Skull fractures, especially at the base of the skull, can also cause cranial nerve injuries that result in compressive cranial neuropathies. All but three of the twelve cranial nerves project out from the brain stem to the head and face. Damage to the seventh cranial nerve, the most commonly injured one in TBI, can result in paralysis of facial muscles.[2]

Any damage to the head or brain usually results in some damage to the vascular system, which provides blood to the cells of the brain. The body can repair damage to small blood vessels, but damage to larger vessels can result in serious complications. Damage to one of the major arteries leading to the brain can cause a stroke, either through bleeding from the artery (hemorrhagic stroke) or through the formation of a clot at the site of injury, called a thrombus or thrombosis, blocking blood flow to the brain (ischemic stroke). Blood clots also can develop in other parts of the head. Symptoms such as headache, vomiting, seizures, paralysis on one side of the body, and semiconsciousness developing within several days of a head injury may be caused by a blood clot that forms in the tissue of one of the sinuses, or cavities, adjacent to the brain.[2] Other types of vascular injuries include vasospasm and the formation of aneurysms.

Fluid and hormonal imbalances can complicate the treatment of hypermetabolism and high intracranial pressure (ICP). Hormonal problems can result from dysfunction of the pituitary, the thyroid, and other glands throughout the body. Two common hormonal complications of TBI are syndrome of inappropriate secretion of antidiuretic hormone (SIADH) and hypothyroidism.[2]

Trauma victims often develop hypermetabolism or an increased metabolic rate, which leads to an increase in the amount of heat the body produces. The body redirects into heat the energy needed to keep organ systems functioning, causing muscle wasting and the starvation of other tissues. The nutritional management of patients with TBI, including the provision of adequate calories and protein through an available route of administration to balance consumption, is thus critically important in order to avoid complications related to hypermetabolism and resulting malnutrition. Provision of food through a feeding tube may be temporarily necessary to meet the nutritional needs of the patient with a severe TBI, until they are awake and able to eat and swallow safely without risking pulmonary aspiration and the development of aspiration pneumonia. Sometimes the use of parenteral feeding is necessary if the patient has associated injuries or complications that prevent direct access to the digestive system.

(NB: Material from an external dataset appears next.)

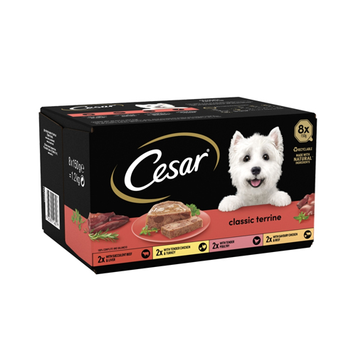 CESAR CLASSICS TERRINE DOG FOOD TRAYS MIXED IN LOAF 8PK 150G

Disabilities resulting from TBI

Disabilities resulting from a TBI depend upon the severity of the injury, the location of the injury, and the age and general health of the patient. Some common disabilities include problems with cognition (attention, calculation, memory, judgment, insight, and reasoning), sensory processing (sight, hearing, touch, taste, and smell), communication (language expression and understanding), social function (empathy, capacity for compassion, interpersonal social awareness and facility) and mental health (depression, anxiety, personality changes, aggression, acting out, and social inappropriateness).[2]

Postconcussion syndrome

The term post-concussion syndrome (PCS) is defined in the DSM-IV, requiring both neuropsychological testing demonstrating attention anc concentration difficulties, as well as 3 of the following symptoms being present for at least 3 months since the time of a specific incident:

1. Fatigue 2. Sleep Disorder 3. Headache 4. Dizziness/Vertigo 5. Irritability/Aggression 6. Anxiety 7. Depression/Lability 8. Personality Changes 9. Apathy

There is significant controversy in the medical literature regarding PCS, as these symptoms are not specific to brain trauma, and are commonly present in people with psychological issues, chronic pain, or other medical conditions. The syndrome is more prevalent in patients who have had a prior history of psychiatric symptoms, such as depression or anxiety, before the injury.[2] Treatment can be variable, but typically includes counseling and education, and potentially use of medications and/or specific therapy, including cognitive therapy and psychological counseling.

Cognitive problems

Most patients with severe TBI who recover consciousness suffer from cognitive disabilities, including the loss of many higher level mental skills. Memory loss, the most common cognitive impairment among head-injured patients, occurs in 20–79% of people with closed head trauma, depending on severity.[13] Memory loss is characterized by some loss of specific memories or the partial inability to form or store new ones. Some of these patients may experience post-traumatic amnesia (PTA), either anterograde or retrograde. Anterograde PTA is impaired memory of events that happened after the TBI, while retrograde PTA is impaired memory of events that happened before the TBI.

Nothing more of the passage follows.